Ordering note: registerEndpoint, addVar, and the specific command categories are listed before assignment intentionally. assignment would match many of them (they all contain = or are function calls that could follow an assignment), so the more specific patterns must come first.

5. Semantic Tags

Semantic tags are boolean metadata flags applied to every chunk (both blocks and statements) by scanning the entire chunk content with a regex. A chunk can have multiple tags simultaneously.
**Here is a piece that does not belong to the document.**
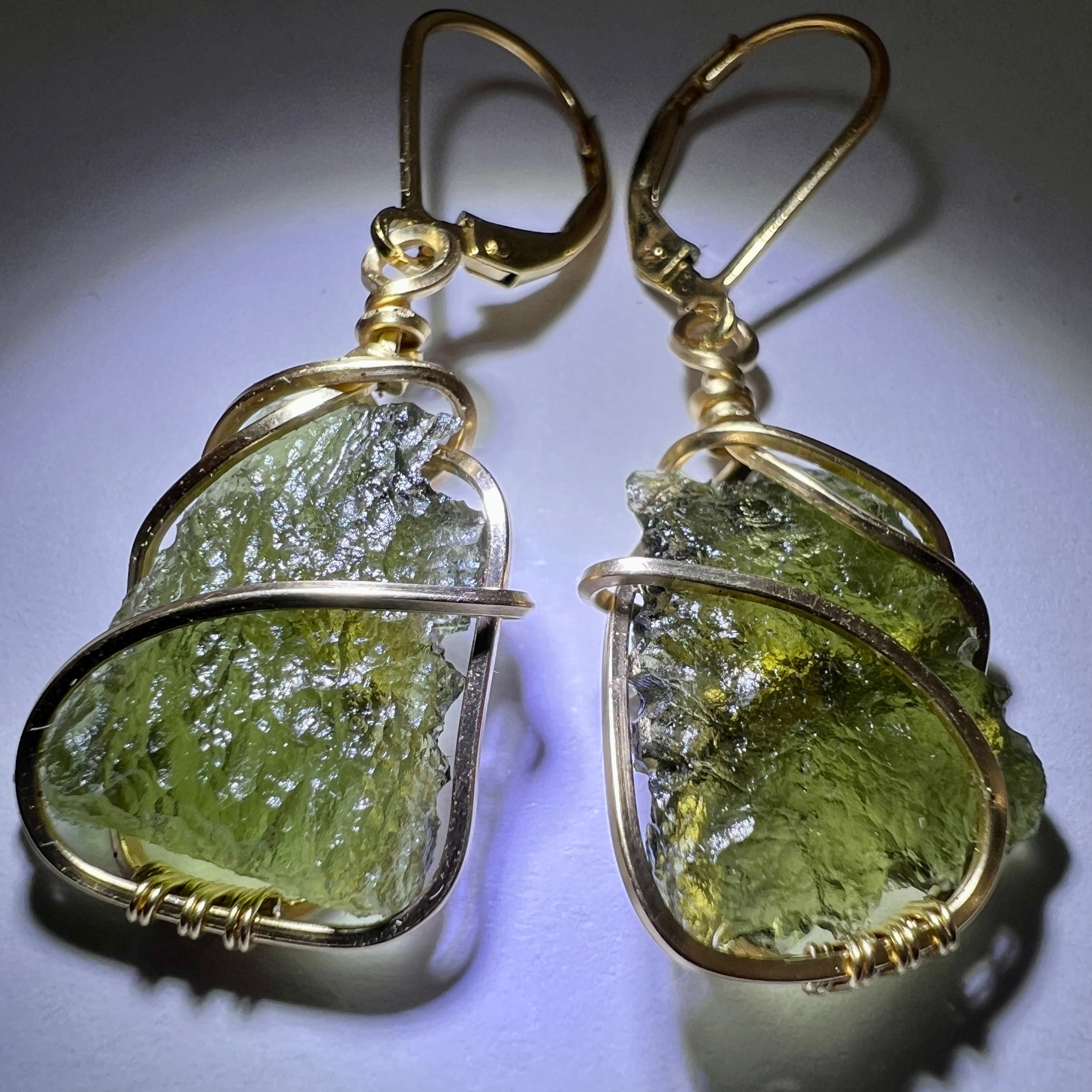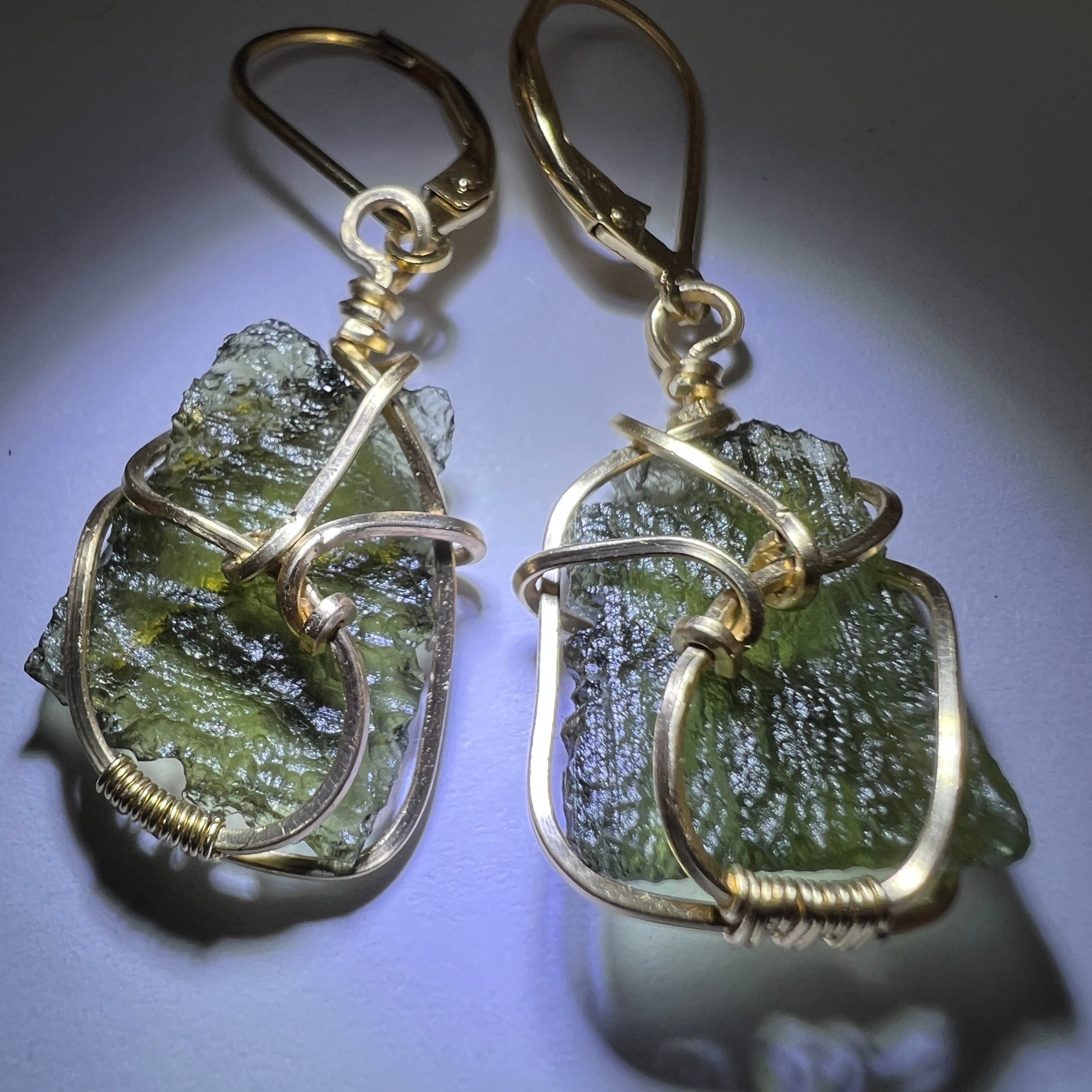 Graceful Moldavite Earrings in 14k Gold Fill

The complexity field is automatically computed as the count of true tags in a chunk's metadata, providing a rough signal of how much AVAP functionality a given chunk exercises.

"semantic_tags": [
  { "tag": "uses_orm",   "pattern": "\\b(ormDirect|ormAccessSelect|...)\\s*\\(" },
  ...
]

Tag fields

Field	Description
`tag`	Key name in the `metadata` object stored in Elasticsearch. Value is always `true` when present.
`pattern`	Regex searched (not matched) across the full chunk text. Uses `\b` word boundaries to avoid false positives.

Current semantic tags

Tag	Detected when chunk contains
`uses_orm`	Any ORM command: `ormDirect`, `ormCheckTable`, `ormCreateTable`, `ormAccessSelect`, `ormAccessInsert`, `ormAccessUpdate`
`uses_http`	HTTP client calls: `RequestPost`, `RequestGet`
`uses_connector`	External connector: `avapConnector(`
`uses_async`	Concurrency: `go funcName(` or `gather(`
`uses_crypto`	Hashing/encoding: `encodeSHA256(`, `encodeMD5(`
`uses_auth`	Auth-related commands: `addParam`, `_status`
`uses_error_handling`	Error handling block: `try()`
`uses_loop`	Loop construct: `startLoop(`
`uses_json`	JSON operations: `variableFromJSON(`, `AddVariableToJSON(`
`uses_list`	List operations: `variableToList(`, `itemFromList(`, `getListLen(`
`uses_regex`	Regular expressions: `getRegex(`
`uses_datetime`	Date/time operations: `getDateTime(`, `getTimeStamp(`, `stampToDatetime(`
`returns_result`	Returns data to the API caller: `addResult(`
`registers_endpoint`	Defines an API route: `registerEndpoint(`

How tags are used at retrieval time: The Elasticsearch mapping stores each tag as a boolean field under the metadata object. This enables filtered retrieval — for example, a future retrieval enhancement could boost chunks with metadata.uses_orm: true for queries that contain ORM-related keywords, improving precision for database-related questions.

6. How They Work Together

The following example shows how avap_chunker.py processes a real .avap file using this config:

// Validate user session
function validateAccess(userId, token) {
    addVar(isValid = false)
    addParam(userId)
    try()
        ormAccessSelect(users, id = userId)
        addVar(isValid = true)
    end()
    addResult(isValid)
}

registerEndpoint(POST, /validate)

Chunks produced:

#	`doc_type`	`block_type`	Content	Tags
1	`code`	`function`	Full function body (lines 2–10)	`uses_auth`, `uses_orm`, `uses_error_handling`, `returns_result` · `complexity: 4`
2	`function_signature`	`function_signature`	`function validateAccess(userId, token)`	—
3	`code`	`registerEndpoint`	`registerEndpoint(POST, /validate)`	`registers_endpoint` · `complexity: 1`

Chunk 1 also receives the function signature as a semantic overlap header because the SemanticOverlapBuffer tracks validateAccess and injects it as context into any subsequent non-function chunks in the same file.

7. Adding New Constructs

Adding a new block type

Identify the opener and closer patterns from the AVAP LRM (docs/LRM/avap.md).
Add an entry to "blocks" in avap_config.json.
If the block introduces a named construct worth indexing independently (like functions), set "extract_signature": true and define a "signature_template".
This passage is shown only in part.